> What this task involves:
Only the lines in the entries below from the line with "Per donna Camicia" to the line with "リオナタワーで最も人気の高い", both included, belong in the answer, transcribed exactly and without pictures.

[Information shown Boundary: Start]

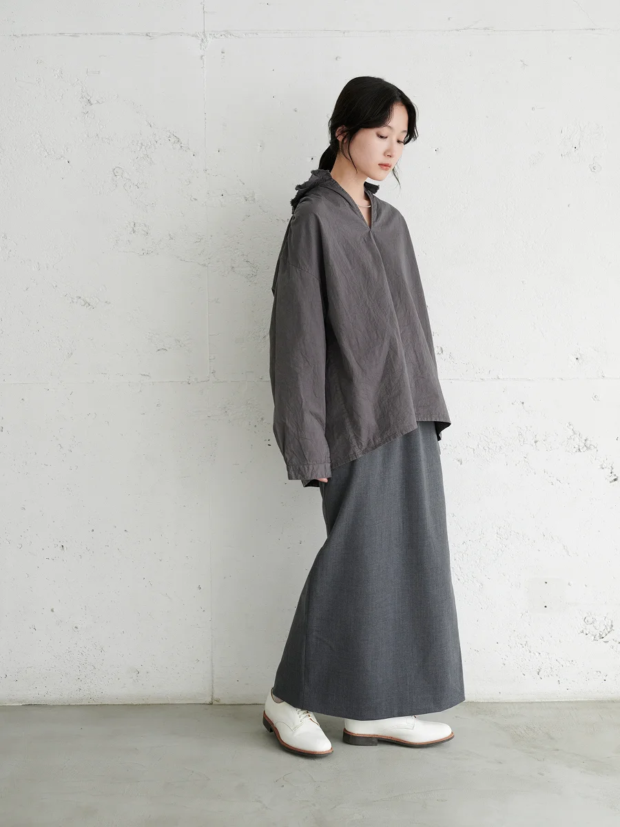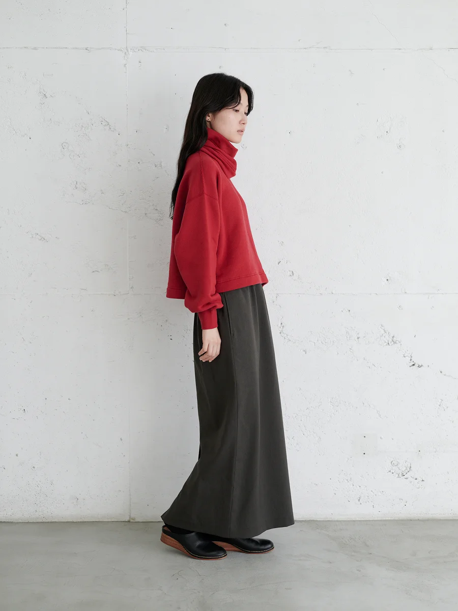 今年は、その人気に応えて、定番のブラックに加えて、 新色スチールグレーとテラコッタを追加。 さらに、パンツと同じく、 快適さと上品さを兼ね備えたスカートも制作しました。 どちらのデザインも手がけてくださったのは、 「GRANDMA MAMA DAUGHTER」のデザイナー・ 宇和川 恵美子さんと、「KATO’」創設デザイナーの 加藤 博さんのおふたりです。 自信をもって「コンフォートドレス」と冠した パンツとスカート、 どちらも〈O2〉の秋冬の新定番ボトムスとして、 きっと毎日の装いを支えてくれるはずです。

[Information shown Boundary: End]
[Information shown Boundary: Start]

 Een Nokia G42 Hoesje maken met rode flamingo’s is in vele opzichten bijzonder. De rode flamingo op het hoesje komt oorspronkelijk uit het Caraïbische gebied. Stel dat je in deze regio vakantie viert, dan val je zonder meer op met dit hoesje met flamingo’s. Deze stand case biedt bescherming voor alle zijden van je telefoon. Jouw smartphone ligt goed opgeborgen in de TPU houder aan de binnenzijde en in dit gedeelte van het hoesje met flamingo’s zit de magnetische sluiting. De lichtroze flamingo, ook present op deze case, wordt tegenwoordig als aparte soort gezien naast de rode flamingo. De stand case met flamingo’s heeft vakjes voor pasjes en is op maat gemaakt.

[Information shown Boundary: End]
[Information shown Boundary: Start]

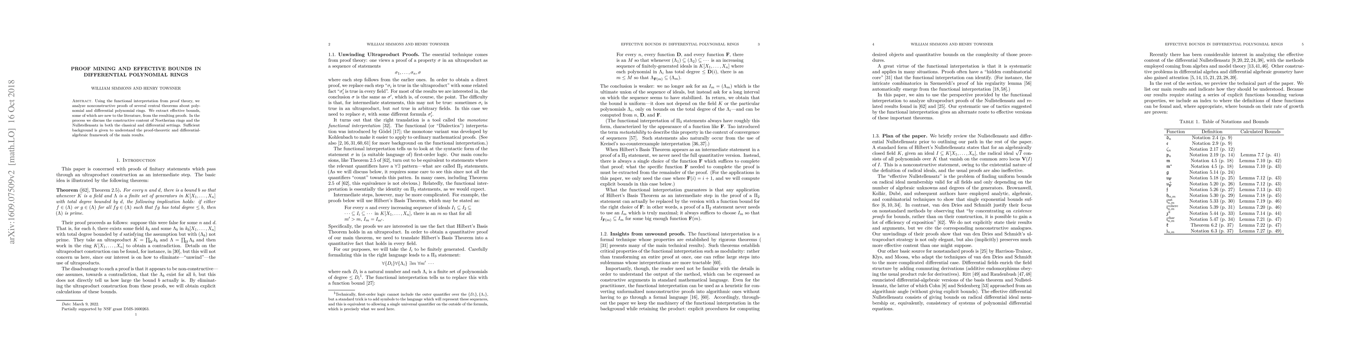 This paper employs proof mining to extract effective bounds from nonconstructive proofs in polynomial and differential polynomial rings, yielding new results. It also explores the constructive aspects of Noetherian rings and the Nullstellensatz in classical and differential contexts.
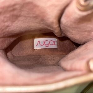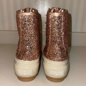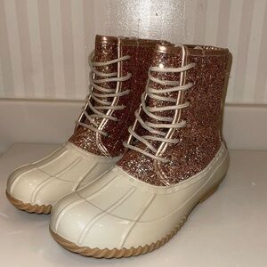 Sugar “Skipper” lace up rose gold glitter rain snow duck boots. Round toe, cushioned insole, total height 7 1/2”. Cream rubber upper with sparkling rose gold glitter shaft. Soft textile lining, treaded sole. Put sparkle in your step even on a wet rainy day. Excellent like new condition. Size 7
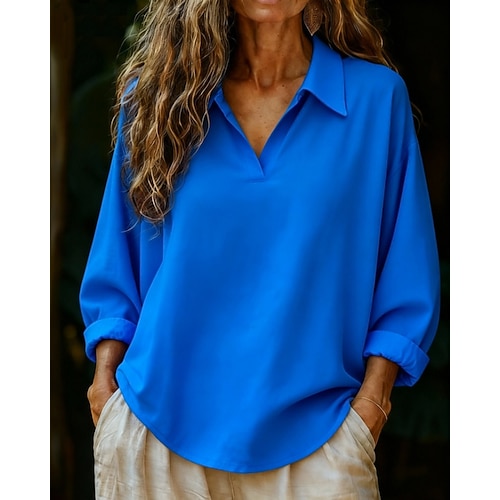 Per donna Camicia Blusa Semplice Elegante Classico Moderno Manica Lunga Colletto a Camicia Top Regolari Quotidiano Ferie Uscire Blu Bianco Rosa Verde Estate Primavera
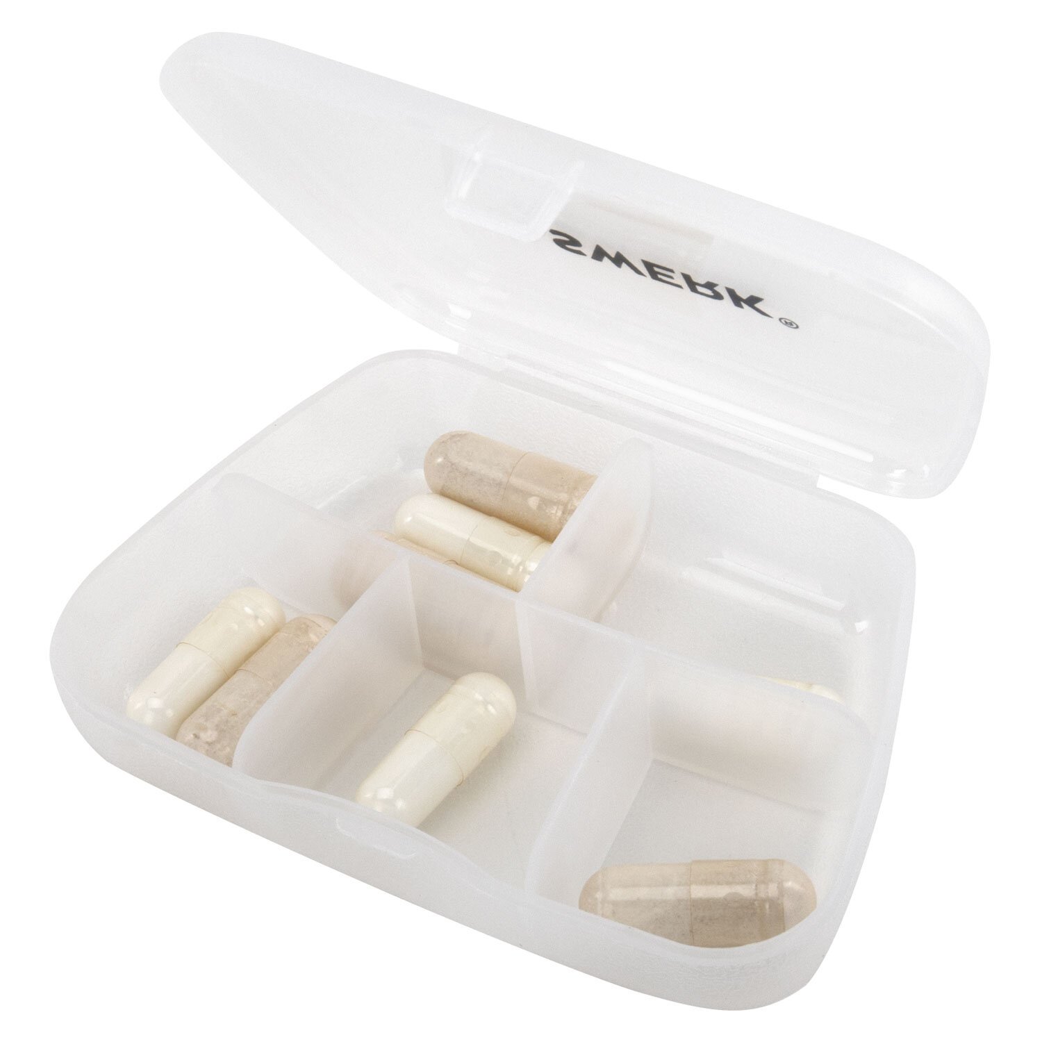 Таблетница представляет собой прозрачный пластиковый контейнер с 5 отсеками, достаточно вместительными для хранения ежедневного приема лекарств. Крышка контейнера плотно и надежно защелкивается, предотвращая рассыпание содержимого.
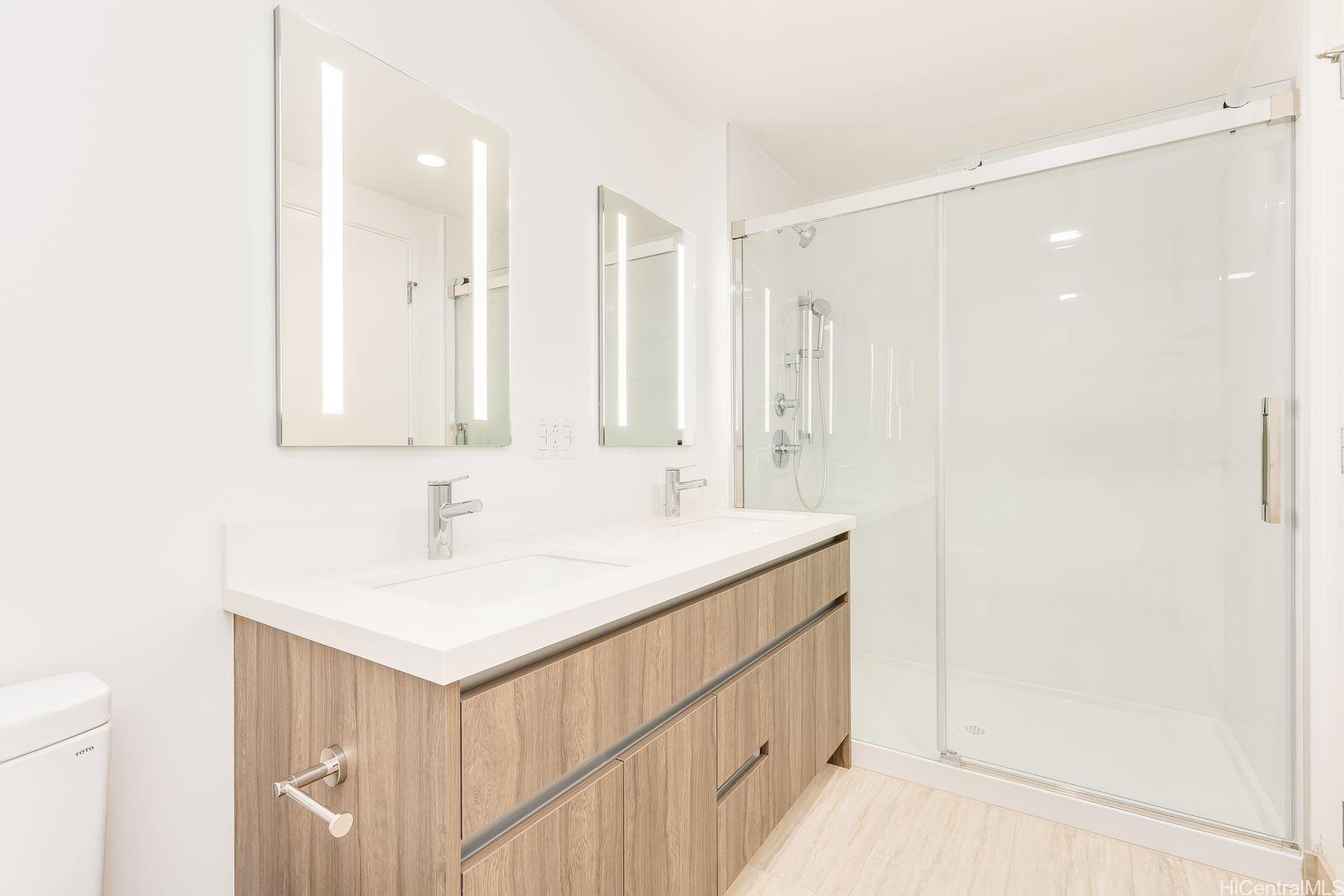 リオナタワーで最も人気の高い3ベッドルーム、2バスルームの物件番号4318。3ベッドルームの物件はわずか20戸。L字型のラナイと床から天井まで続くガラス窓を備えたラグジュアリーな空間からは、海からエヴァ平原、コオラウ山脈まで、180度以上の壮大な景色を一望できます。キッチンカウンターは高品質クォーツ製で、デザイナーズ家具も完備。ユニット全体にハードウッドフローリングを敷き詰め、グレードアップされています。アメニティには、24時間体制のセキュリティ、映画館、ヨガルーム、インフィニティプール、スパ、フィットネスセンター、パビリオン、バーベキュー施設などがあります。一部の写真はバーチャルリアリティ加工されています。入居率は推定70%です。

[Information shown Boundary: End]

> Response to the exercise:
 Per donna Camicia Blusa Semplice Elegante Classico Moderno Manica Lunga Colletto a Camicia Top Regolari Quotidiano Ferie Uscire Blu Bianco Rosa Verde Estate Primavera
 Таблетница представляет собой прозрачный пластиковый контейнер с 5 отсеками, достаточно вместительными для хранения ежедневного приема лекарств. Крышка контейнера плотно и надежно защелкивается, предотвращая рассыпание содержимого.
 リオナタワーで最も人気の高い3ベッドルーム、2バスルームの物件番号4318。3ベッドルームの物件はわずか20戸。L字型のラナイと床から天井まで続くガラス窓を備えたラグジュアリーな空間からは、海からエヴァ平原、コオラウ山脈まで、180度以上の壮大な景色を一望できます。キッチンカウンターは高品質クォーツ製で、デザイナーズ家具も完備。ユニット全体にハードウッドフローリングを敷き詰め、グレードアップされています。アメニティには、24時間体制のセキュリティ、映画館、ヨガルーム、インフィニティプール、スパ、フィットネスセンター、パビリオン、バーベキュー施設などがあります。一部の写真はバーチャルリアリティ加工されています。入居率は推定70%です。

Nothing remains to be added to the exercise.